マッピング、マッピング、マッピング

しつこいけれどまたマッピングの話。

ショートリードをリファレンス配列に対して貼り付けることを、マッピングと呼ぼう。
単に言葉の違いだと思うが、これをアライメントと呼ぶこともある。
はたまた、アセンブルと呼んでいる文献もある。

えっ!?　ショートリードを貼り付けることがアセンブルだって!?

と驚いた方もいるかと思うが、2つ以上の配列の一致する箇所を並べて長いコンセンサス配列を作ることがアセンブル。なら、ショートリードと、リファレンス配列をアラインさせることだって、広い意味でアセンブルだ。　というひともいるのだ。　

ま、それはさておいて、ここではマッピングと呼ぶ。　
正確には、「リファレンスへのショートリードのマッピング」

で、デノボアセンブルを除くと、マッピングが全ての出発点なのだが、このマッピングのアルゴリズム、一体どれだけ正確なのだろうか？
というか、ショートリードのマッピングって、どれだけ信頼できるのだろう。

Illumina社の付属ソフトCasavaで使われているELANDv2にしろ、CLC-BioやNextGENet等有償ソフトにしろ、良く使われているアルゴリズムは、クオリティの高い塩基を十分に含むリード i.e. ちゃんと読めているリード　を、リファレンス配列とのギャップがいくつ以上、ミスマッチがいくつ以上あるものを除いて、残りをマッピングしているに過ぎない。
つまり、ギャップがいくつあったらいけないよ。ミスマッチがいくつあったら同じと認めないよ。という決め事を先に設定し、それに沿ってショートリードの塩基配列がどこにヒットするかを求めているのである。

実に単純なアルゴリズムである！　
というか、これくらい単純にしないと数千万、数億のリード配列を今のコンピュータでは手軽にマッピングできない。
宿命ではあるが、その単純さゆえに、ミスアラインもあるだろう。　
本来マッピングされるべきでない場所にマッピングされる現象は、起こりうる。
それを防ぐには、Paired Endで読むのが良いとか言われるが、これは実験レベルの解決法だ。
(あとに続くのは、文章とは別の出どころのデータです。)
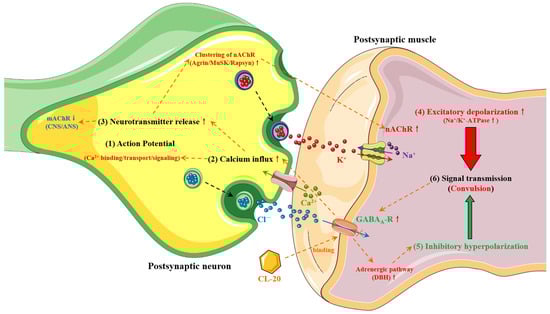 CL-20 may bind to the convulsive site of the GABAA ion channel, which may result in a reduction in the average duration of channel openings and a decrease in Cl− channel permeability, subsequently leading to diminished inhibitory postsynaptic currents [40]. The decrease in Cl− permeability can facilitate action potentials via multiple voltage-gated Ca2+ channels, thereby promoting intracellular Ca2+ influx. This process leads to an augmented excitatory depolarization as part of a feedback loop mechanism, encompassing the subsequent molecular events: (1) An augmented release of the neurotransmitter acetylcholine; (2) the aggregation of nicotinic acetylcholine receptors (nAChR) resulting in the upregulation of the Agrin-MuSK signaling pathway; (3) the stimulation of nAChR synthesis and membrane depolarization through the enhancement of Na+/K+-ATPase activity and Na+ influx; (4) a downregulation of muscarinic acetylcholine receptors (mAChR) within the CNS/ANS; (5) alterations in the expression of genes associated with calcium (Ca2+) binding, transport, and signaling pathways; and (6) an upregulation of GABAA receptor expression [40]. Upon the transfer of exposed earthworms to a non-contaminated environment, the degradation of CL-20 within the organism may occur through several mechanisms: the autophagic degradation of defective CL-20-bound GABAA-R, which are subsequently transported to autophagosomes; the dissociation of CL-20 from its binding sites; and the metabolic processing of dissociated CL-20 by cytochrome P450 or P450-like enzymes [40]. As a consequence of these and potentially numerous additional mechanisms, CL-20 is released from the NMJ, allowing effective neurotransmission at synapses to revert to baseline levels prior to exposure. This process ultimately facilitates the recovery or reversibility of neurotoxicity induced by CL-20 [40]. Nonetheless, the intricate interrelationship among these events necessitates additional comprehensive investigation.

ちなみにロッシュ454のロングリードは、僕は経験がないが、聞いた話ではBLATでもマッピングできるそうだ。　BLASTは時間がかかるという。　これは想像がつく。

ショートリードに話を戻すと、ミスアラインの問題は、実はそれほど気にしていない。
ショートリードのマッピングなんてそんなものだ、と思っている。
実験には、そういう覚悟も必要である。
パラメータをいくらいじったところで、ミスアラインが全く無くなることはありえなく、現在のショートリードのマッピングアルゴリズムが単純である限り、その信頼性はBLASTのe-valueほどはっきりと提示してくれない。
ショートリードのマッピングなんてそんなものだ。その代わり、大量のデータをParied Endで出力することで、ミスアラインの可能性を低くする。
しかしデータが大量になればなるほど、マッピングアルゴリズムは単純である必要があるのだ。
堂々巡りになってしまった。

このあたり、ロングリードのロッシュの担当者、ショートリードのライフテクノロジーズ担当者、イルミナ担当者と話をすると、それぞれ全く異なる見解が聞けて面白いと思う。